## Work instruction
Please give the lines below again exactly as they stand, from the one that contains "The dragon, traditionally" up to and including the one that contains "huenPhonic MU1722X 5", leaving all pictures out.

[Records contained in a dataset]
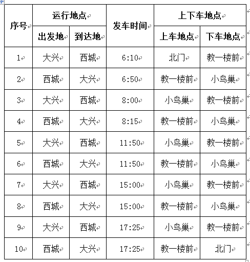 1.6:10大兴开往西城的班车,上车地点改在北门;其余大兴开往西城的班车,上车地点均在基础楼A座报告厅(小鸟巢);
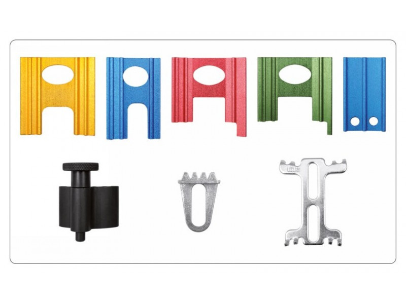 Set includescamshaft locking plate x5, block for blocking the crankshaft, flywheel lock x2
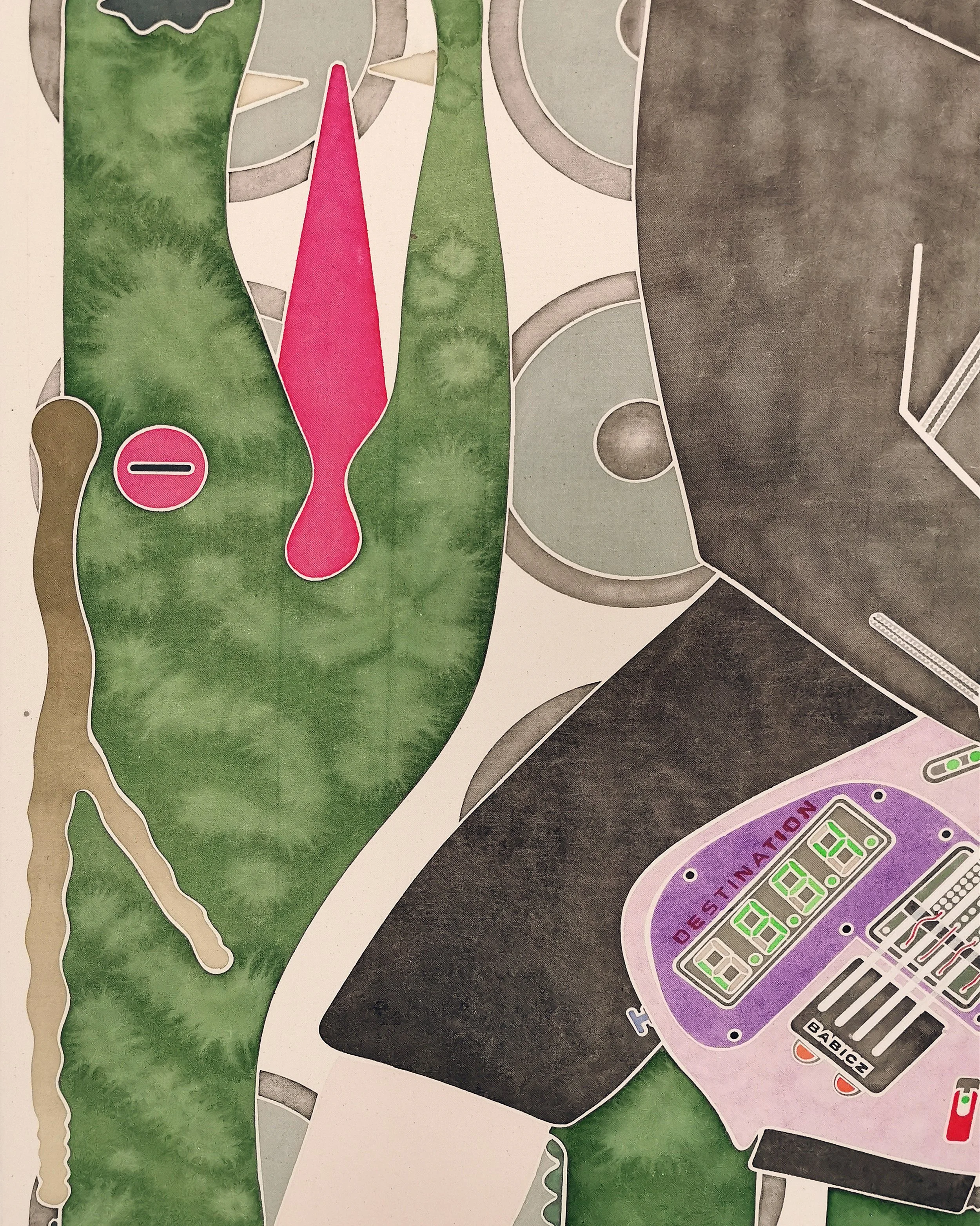 The dragon, traditionally a symbol of demonic threat, here becomes a metaphor for the forces that endanger the autonomy of artistic creation. Instead of a spear, Đurić wields a bass guitar modeled after the one in Back to the Future, transformed into a “time machine.” This hybrid object merges the temporality of music, the mythology of rock, and the speculative technologies of film culture, suggesting that art can act across time and reconfigure cultural narratives.
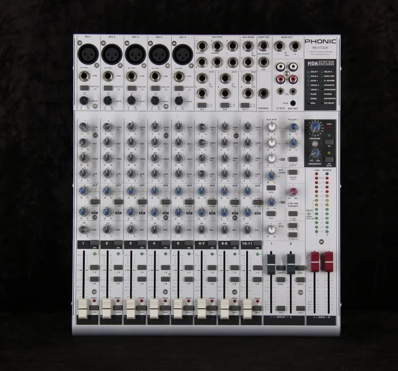 huenPhonic MU1722X 5 mono és 3 stereo csatornás keverő beépített effektekkel.
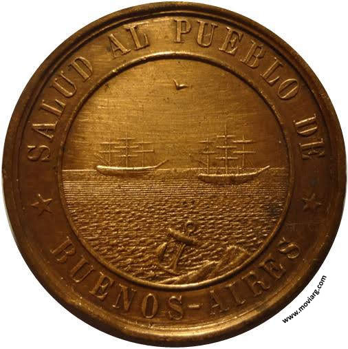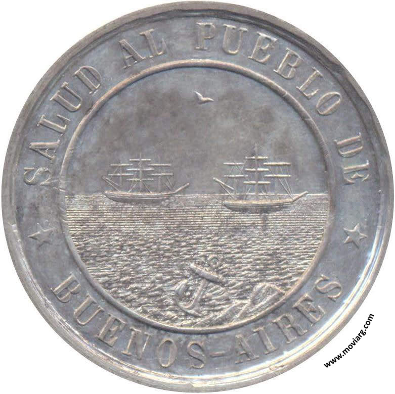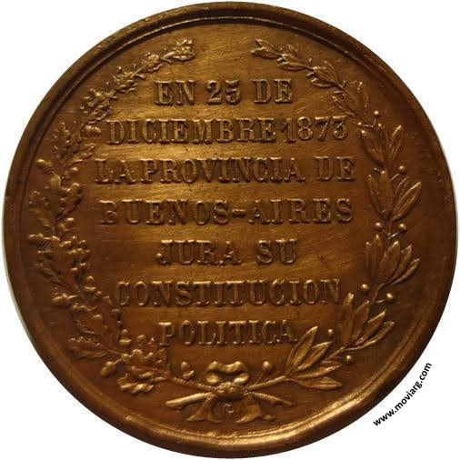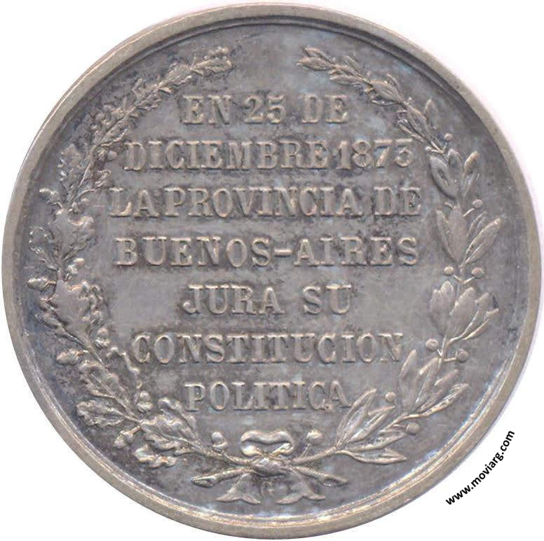 Anverso: SALUD AL PUEBLO DE / BUENOS - AIRES Reverso: EN 25 DE / DICIEMBRE 1873 / LA PROVINCIA DE / BUENOS-AIRES / JURA SU / CONSTITUCION / POLITICA. Exergo: G Referencia: BURZIO-17 ROSA-254 | |
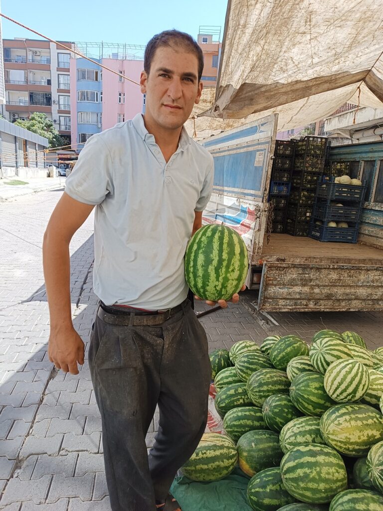 Batman’ın Beşiri ilçesinde yetiştirilen karpuzlar, pazarlarda tezgâhlarda yerini aldı.
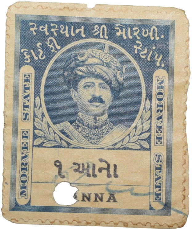 Court Fee Stamp of Morvee State Blue Colour 1 Anna – Used Condition as per Image.
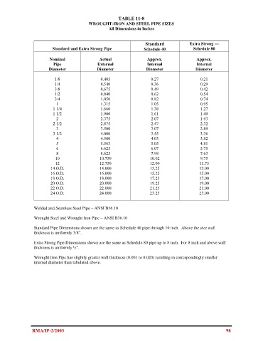 WROUGHT-IRON AND STEEL PIPE SIZES
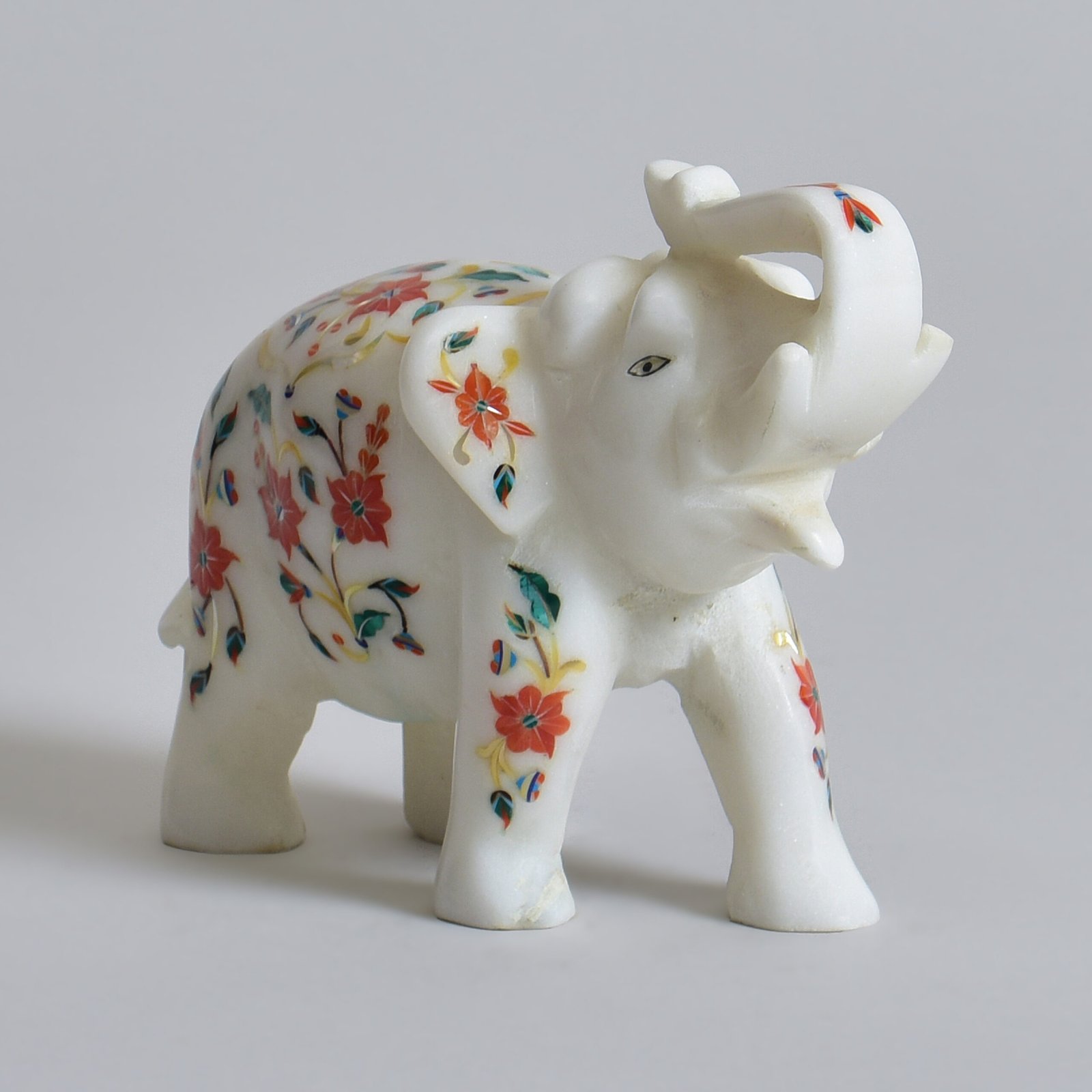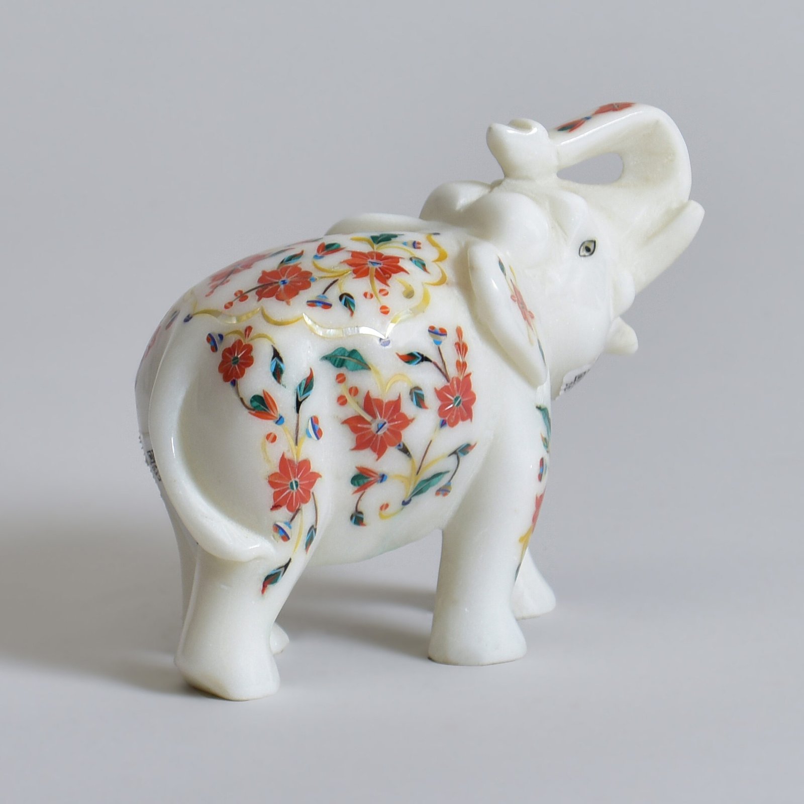 This marble elephant echoes the grandeur of India’s rich artistic heritage, symbolising wisdom, strength, and good fortune. Meticulously handcrafted in the Parchinkari tradition, its surface blossoms with delicate floral patterns inlaid with radiant semi-precious stones.

## Solution
 The dragon, traditionally a symbol of demonic threat, here becomes a metaphor for the forces that endanger the autonomy of artistic creation. Instead of a spear, Đurić wields a bass guitar modeled after the one in Back to the Future, transformed into a “time machine.” This hybrid object merges the temporality of music, the mythology of rock, and the speculative technologies of film culture, suggesting that art can act across time and reconfigure cultural narratives.
 huenPhonic MU1722X 5 mono és 3 stereo csatornás keverő beépített effektekkel.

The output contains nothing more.